The Muslim overlords of Jerusalem's Temple Mount began hacking a deep trench into the holy hill earlier this week as a prelude to more extensive infrastructure work on the mosques that currently occupy the compound.
The Islamic Trust (Waqf) gained the approval of the Israeli police to proceed with the work, but leading archeologists note that digging with heavy machinery at such a sensitive historical site also requires, by law, the approval of archeological authorities.
The use of tractors and other heavy machinery in construction at the Temple Mount requires “real, professional and careful archaeological supervision involving meticulous documentation,” stated the Committee for the Prevention of Destruction of Antiquities on the Temple Mount, an apolitical group that includes Israelis archeologists and intellectuals from across the political spectrum.
Committee member Dr. Eilat Mazar of the Hebrew University accused the government of Prime Minister Ehud Olmert of giving a green light to the work without going through the proper channels out of fear of the Muslims. As a result, said Mazar, even more of the history of Israel's temples to the Almighty will be destroyed, further erasing the historical and biblical connection of the Jewish people to the Temple Mount and Jerusalem.

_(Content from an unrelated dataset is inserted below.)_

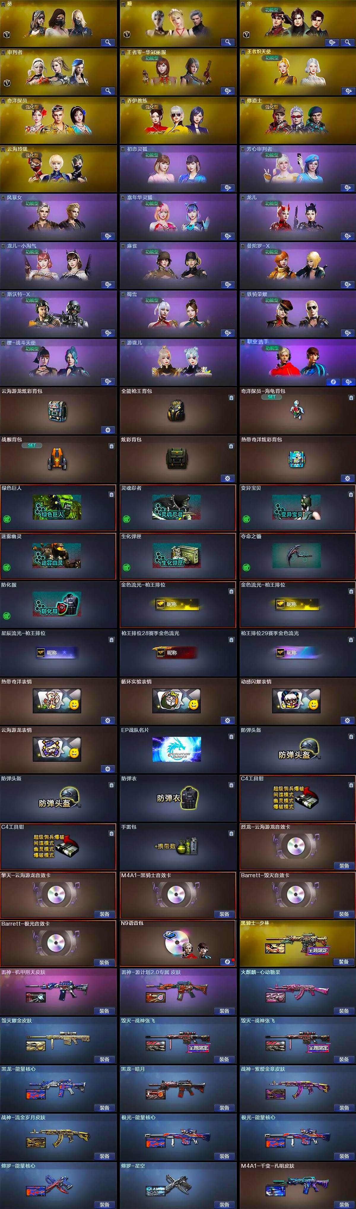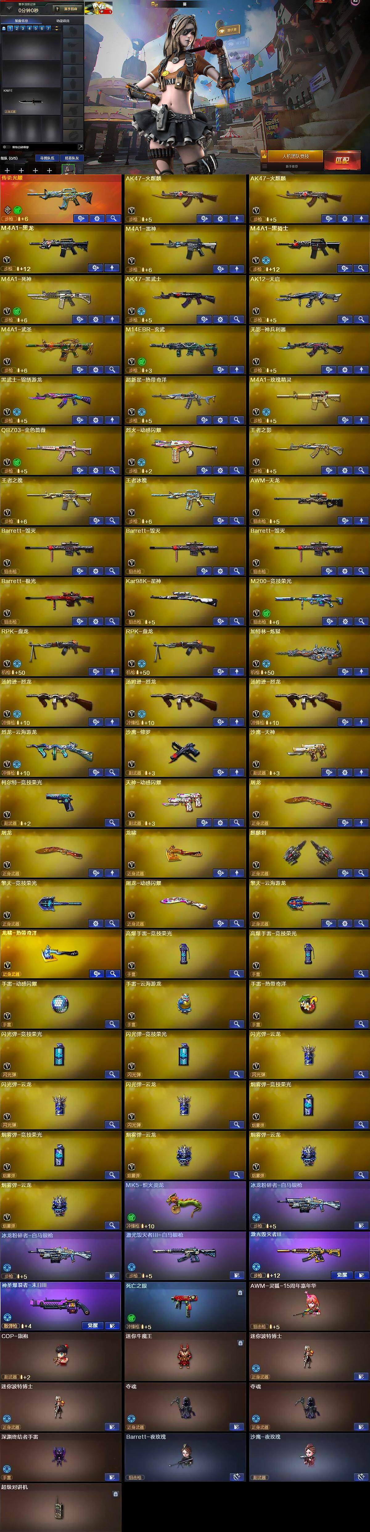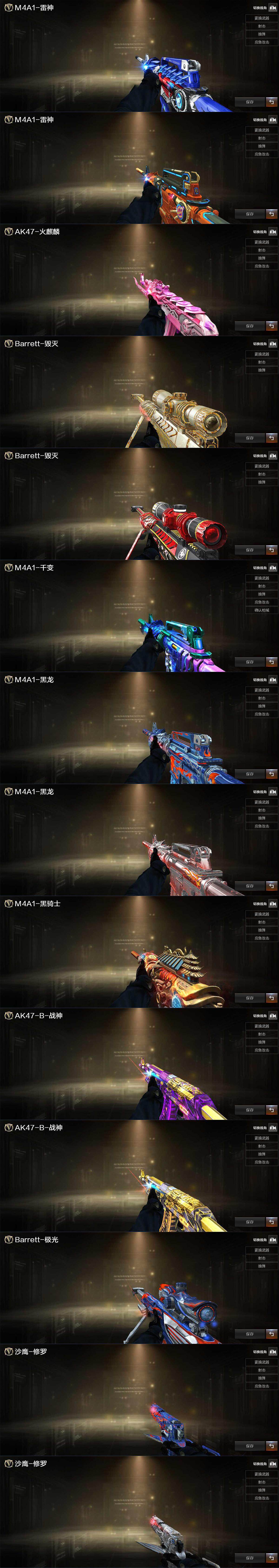 【英雄级武器】:AK47-火麒麟*2,M4A1-黑龙,M4A1-雷神,M4A1-黑骑士,M4A1-死神,AK47-黑武士,AK12-天启,M4A1-武圣,M14EBR-玄武,无影-神兵利器,黑武士-锦绣游龙,超新星-热带奇洋,M4A1-玫瑰精灵,QBZ03-金色蔷薇,烈火-动感闪耀,王者之影-觉醒版,王者之魄-觉醒版,王者冰魄-觉醒版,AWM-天龙,Barrett-毁灭*3,Barrett-极光,Kar98K-星神,M200-竞技荣光,RPK-盘龙*2,加特林-炼狱,汤姆逊-烈龙*3,烈龙-云海游龙,沙鹰-修罗,沙鹰-天神,柯尔特-竞技荣光,天神-动感闪耀,屠龙*2,龙啸,麒麟刺,擎天-竞技荣光,屠龙-动感闪耀,擎天-云海游龙,龙啸-热带奇洋,高爆手雷-竞技荣光*2,手雷-动感闪耀,手雷-云海游龙,手雷-

Mazar and the committee previously protested extensive construction work done by the Muslims under the Temple Mount, which resulted in a huge amount of dirt and debris being deposited unceremoniously in the Kidron Valley below. The mounds of debris were later found to contain shattered pieces of Jewish temple history.
By contrast, the Muslim world erupted in outrage and violence earlier this year when Israel tried to repair a walking bridge leading to one of the Temple Mount's gates.